Re: 9. WYSIWYG editor (enforcing the signature) detailed review of

Hi Mihai,


On Aug 3, 2007, at 4:46 AM, Mihai Sucan wrote:

>
> Hello!
>
> I have read the HTML 5 spec section on WYSIWYG editors [1] and I'd  
> like to
> express my concern on requiring the inclusion of "(WYSIWYG editor)"  
> in the
> META NAME="generator" CONTENT attribute value.
>
> Having experience with working on my own WYSIWYG editor, I believe the
> aformentioned requirement is not really applicable. As in, I  
> wouldn't like
> to include the suggested string. Here's a simple reason: my CMS  
> generates
> correct, semantical markup (or tries to do so). The *strict*  
> content of
> the pages is all generated by my WYSIWYG editor, found in the CMS.  
> Having
> the "(WYSIWYG editor)" mention in the "generator" meta-tag does not  
> really
> reflect the reality, when someone looks into the page code, either
> personally, or with a parser. For example, the blog pages are mostly
> generated by the blog engine, and only the article itself is edited  
> with
> the WYSIWYG tool.

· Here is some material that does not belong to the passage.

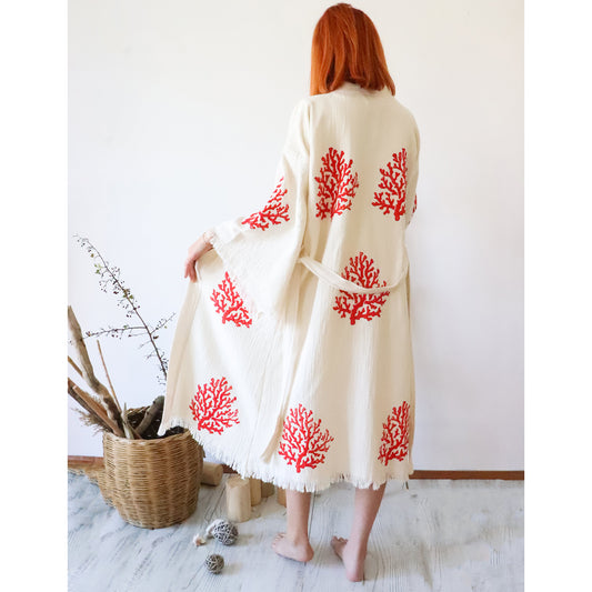 Turkish Towel Coral Kimono Bathrobe

The user never edits *the entire* page with the  
> WYSIWYG
> editor. The page is not generated by the tool, it's not the result  
> of any
> "silly hacks" in the WYSIWYG world. Obviously, I consider the  
> signature
> appropriate for documents entirely generated by WYSIWYG editors,  
> like NVU,
> Dreamweaver and such.
>
> Another point for not requiring the inclusion of "(WYSIWYG editor)"  
> in the
> meta-tags is: someone will find this "delightful" and just "great" for
> some of his/her parsers, to be able to detect pages generated by  
> editors.
> No means are provided to detect that HTML 5 is used in the document (a
> version attribute, a DOCTYPE which specifically tells the version  
> somehow,
> or whatever), but you provide something which allows parsers to  
> sniff the
> document for "WYSIWYG editors". This is like checking for a  
> "feature", a
> characteristic of the page. Also, this can be used just like the  
> current
> <!DOCTYPE html> to check if the document is "HTML 5" - nobody should
> actually do it, but some will definitely do it. Of course, doing  
> this *is*
> wrong: you cannot rely on the presence of the "(WYSIWYG editor)"
> signature, you cannot rely on the DOCTYPE, you cannot rely on ...  
> anything.
>
> The spec wording even seems ambiguous in the definition of the FONT
> element. Is it allowed on pages without the signature? Is it not? I
> believe it is not allowed because the spec says the FONT element  
> "must not
> be used except by WYSIWYG editors". This causes the following in a
> validator scenario:
>
> 1. if the document does not contain the signature, and no FONT, the
> document is valid. (assuming the document is otherwise valid)
>
> 2. if the document does not contain the signature, but it does use the
> FONT element: the document is invalid - error found "the page seems  
> to be
> generated by WYSIWYG editor, because it uses the FONT tag. You MUST
> include the (WYSIWYG editor) signature in your meta-tag generator  
> content
> value" (with a better wording than mine :) ).
>
> 3. if the document does contain the signature, and no FONT, the  
> document
> is valid.
>
> 4. if the document does contain the signature, and it uses the FONT
> element: the document is valid. According to the spec, this is not an
> error -the use of the FONT element is allowed in this case. Maybe the
> validator should warn on the use of the FONT tag ("try to improve the
> semantic of your code"), but that's another story.
>
> I don't "like" the above scenario. Having the document as valid,  
> is ...
> practically... at the "mercy" of the generator meta-tag. I do not  
> consider
> this anywhere close to "appropriate".
>
> I suggest that the editors of the spec remove this requirement,  
> because it
> simply adds another rule to be broken/missused. Thus, the FONT element
> shall be allowed on any page, irrespective of the generator signature.
>
> If this request does not seem convincing, please provide your  
> arguments
> for keeping the spec the same. What are the use cases? Any examples  
> where
> this signature is needed today? Which (types of) UA would need the
> signature?
>
> [1] http://www.w3.org/html/wg/html5/#wysiwyg

I'm past due to submit my review of this section, but I'm glad to see  
someone has done it too. I agree with the point you make about the  
meta signature. This is another one of those areas where the use- 
case / problem statement is not clear to me at all. Often times I can  
glean something regarding the use-case from reading the solution.  
However, in this case I can't.

One related thing I think might be useful, might be to encourage all  
editors (WYSIWYG or not) to include a editor user agent string just  
as browsers do. In this way we could have some indication of how some  
code got generated. If an author is creating everything by hand, then  
the UA string would be absent. However, in any case of an editor that  
assist an author in creating content it would be expected to add it's  
UA string.

The question in either of these solutions (again, I'm not sure the  
problem so they might not be solving it), is what should happen when  
an author edits a document in another editor, and another, and  
another? Should every editor ensure it's UA string is there? If we're  
trying to thoroughly trace the editor interaction with a document,  
then we would need that. Not sure if that's what we want though.

If anyone can state the use-case / problem statement on this editor  
signature, that would be very helpful.